_Records for the exercise_
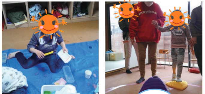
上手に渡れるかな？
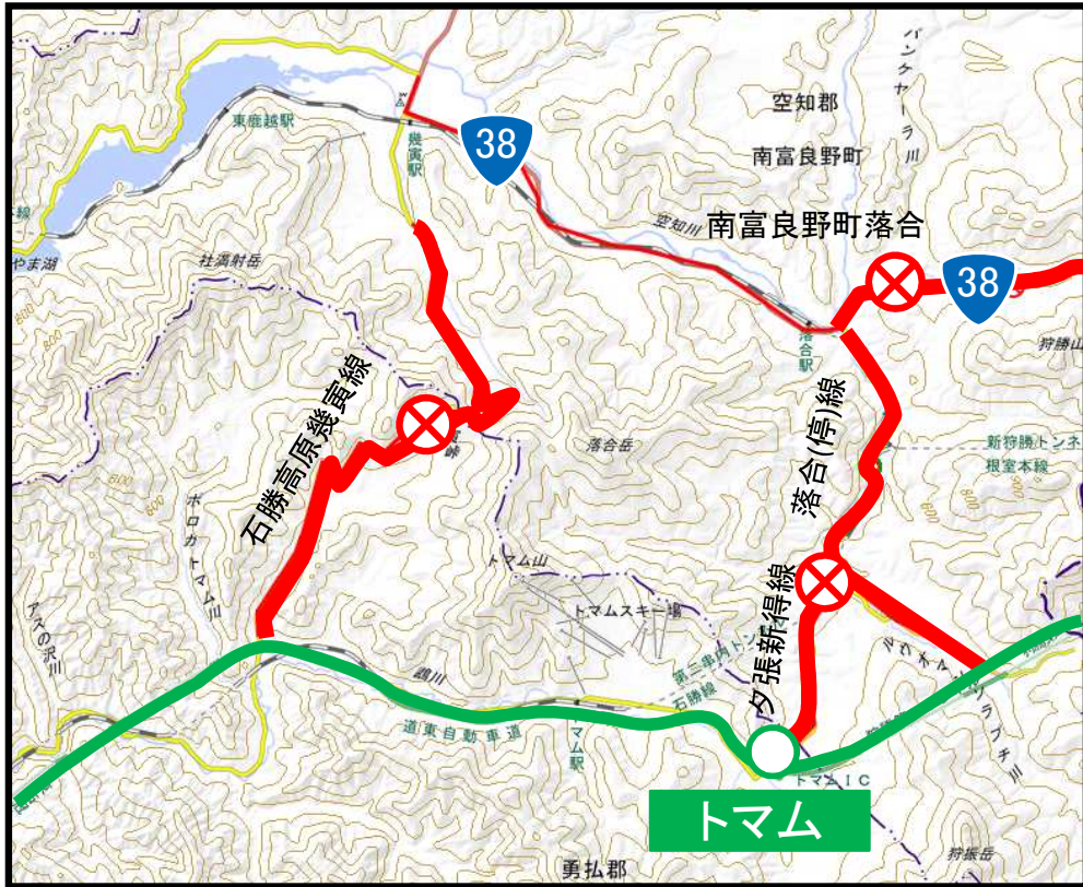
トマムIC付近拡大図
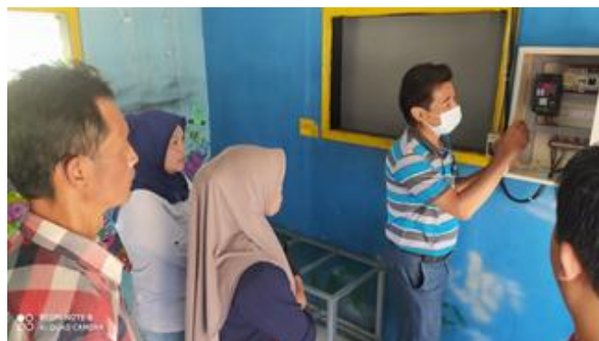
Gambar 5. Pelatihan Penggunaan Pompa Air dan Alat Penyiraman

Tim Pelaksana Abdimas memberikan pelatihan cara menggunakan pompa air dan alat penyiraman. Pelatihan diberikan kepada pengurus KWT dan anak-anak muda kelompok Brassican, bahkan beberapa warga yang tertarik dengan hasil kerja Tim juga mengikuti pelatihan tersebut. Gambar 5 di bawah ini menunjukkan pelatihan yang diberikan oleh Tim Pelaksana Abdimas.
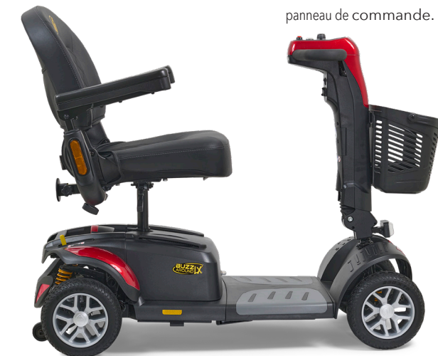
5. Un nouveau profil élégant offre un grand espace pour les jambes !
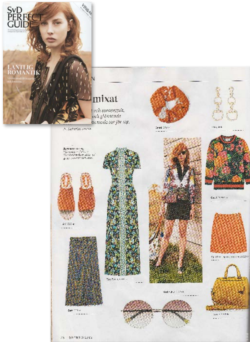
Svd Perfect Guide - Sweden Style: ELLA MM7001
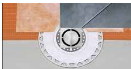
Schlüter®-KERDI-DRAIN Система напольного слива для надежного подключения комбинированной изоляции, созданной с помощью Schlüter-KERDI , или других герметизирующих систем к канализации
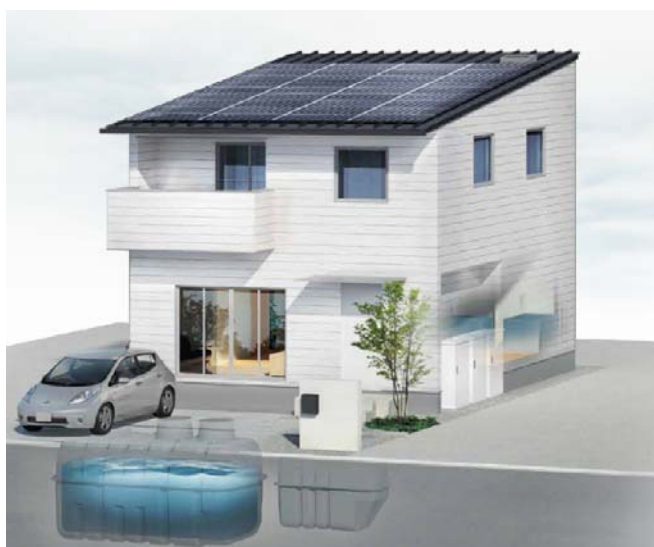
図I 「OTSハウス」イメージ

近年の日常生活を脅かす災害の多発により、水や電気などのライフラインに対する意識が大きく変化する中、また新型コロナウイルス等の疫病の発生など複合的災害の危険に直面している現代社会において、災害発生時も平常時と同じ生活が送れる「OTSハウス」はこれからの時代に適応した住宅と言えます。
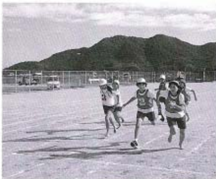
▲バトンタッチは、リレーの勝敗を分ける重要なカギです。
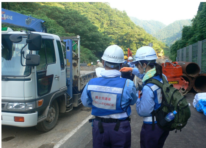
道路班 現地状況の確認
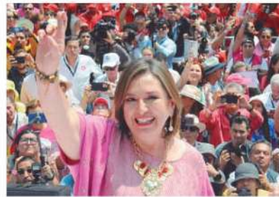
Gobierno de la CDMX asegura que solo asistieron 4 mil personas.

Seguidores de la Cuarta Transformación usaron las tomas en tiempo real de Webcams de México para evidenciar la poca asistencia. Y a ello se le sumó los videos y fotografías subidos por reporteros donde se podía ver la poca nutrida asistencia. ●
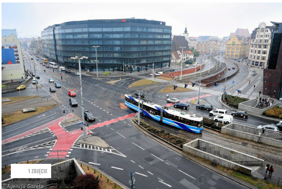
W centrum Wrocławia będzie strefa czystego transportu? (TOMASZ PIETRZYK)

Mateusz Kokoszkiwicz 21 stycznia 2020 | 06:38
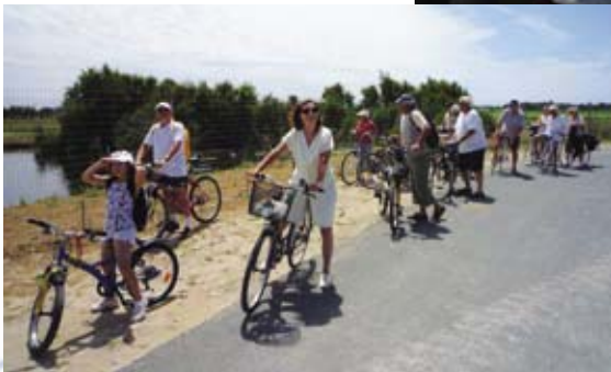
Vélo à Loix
--
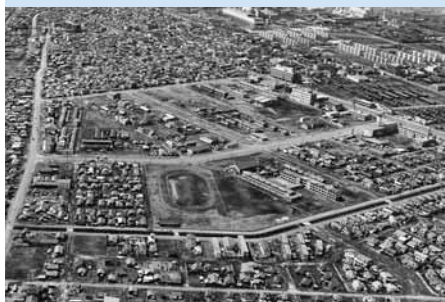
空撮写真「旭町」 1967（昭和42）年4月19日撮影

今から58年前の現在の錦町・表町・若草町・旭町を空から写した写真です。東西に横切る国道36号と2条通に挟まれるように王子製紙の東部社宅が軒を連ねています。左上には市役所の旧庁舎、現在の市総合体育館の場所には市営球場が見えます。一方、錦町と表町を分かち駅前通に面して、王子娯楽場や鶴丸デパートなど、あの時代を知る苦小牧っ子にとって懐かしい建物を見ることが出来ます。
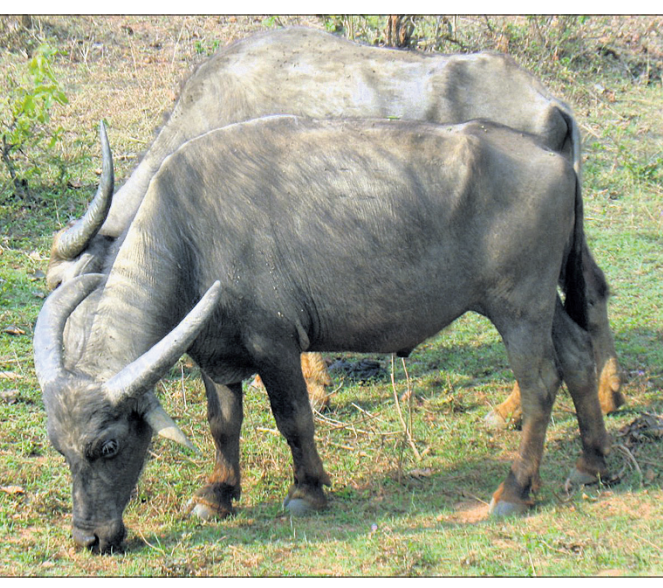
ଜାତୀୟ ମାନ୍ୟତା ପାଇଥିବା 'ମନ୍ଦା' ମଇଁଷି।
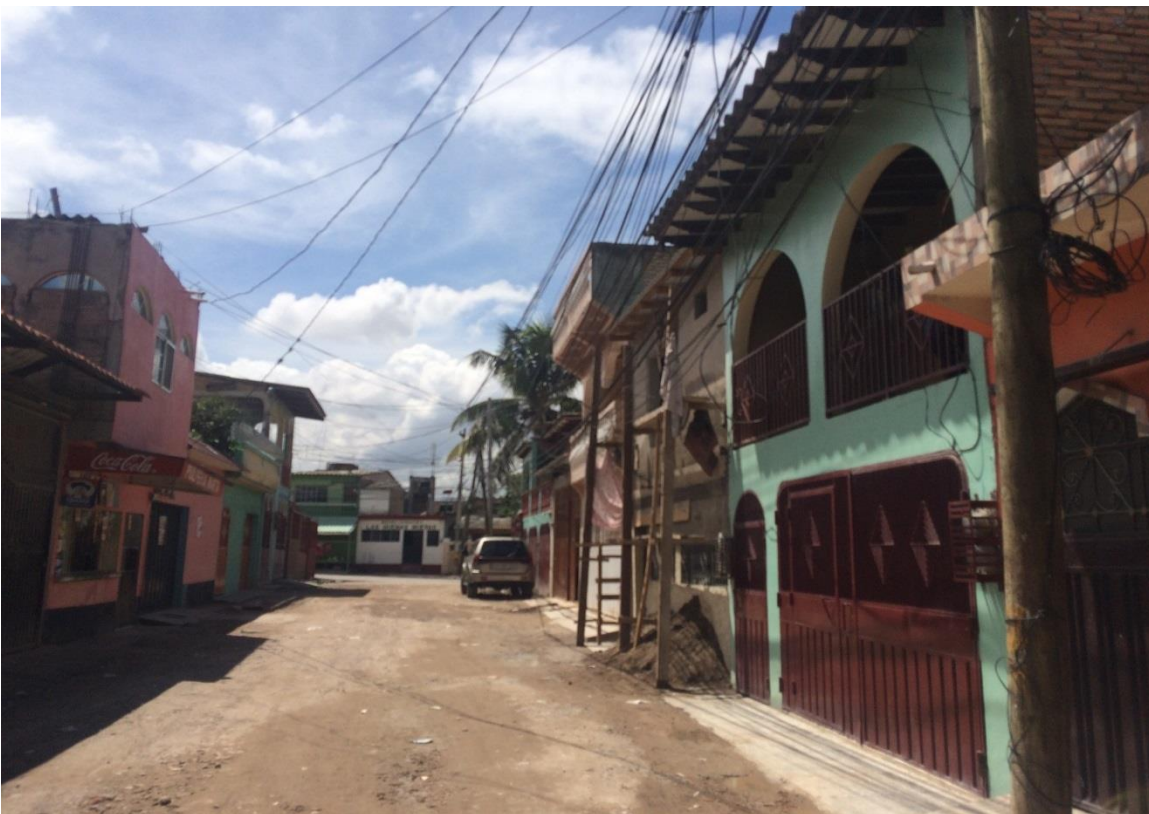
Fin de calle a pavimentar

_Exercise objective_
In the data above, find the line containing "Svd Perfect Guide - Sweden Style: ELLA MM7001" and the line containing "Gobierno de la". Repeat those two lines and everything between them exactly, minus the pictures.

_Expected output_
Svd Perfect Guide - Sweden Style: ELLA MM7001
Schlüter®-KERDI-DRAIN Система напольного слива для надежного подключения комбинированной изоляции, созданной с помощью Schlüter-KERDI , или других герметизирующих систем к канализации
図I 「OTSハウス」イメージ

近年の日常生活を脅かす災害の多発により、水や電気などのライフラインに対する意識が大きく変化する中、また新型コロナウイルス等の疫病の発生など複合的災害の危険に直面している現代社会において、災害発生時も平常時と同じ生活が送れる「OTSハウス」はこれからの時代に適応した住宅と言えます。
▲バトンタッチは、リレーの勝敗を分ける重要なカギです。
道路班 現地状況の確認
Gobierno de la CDMX asegura que solo asistieron 4 mil personas.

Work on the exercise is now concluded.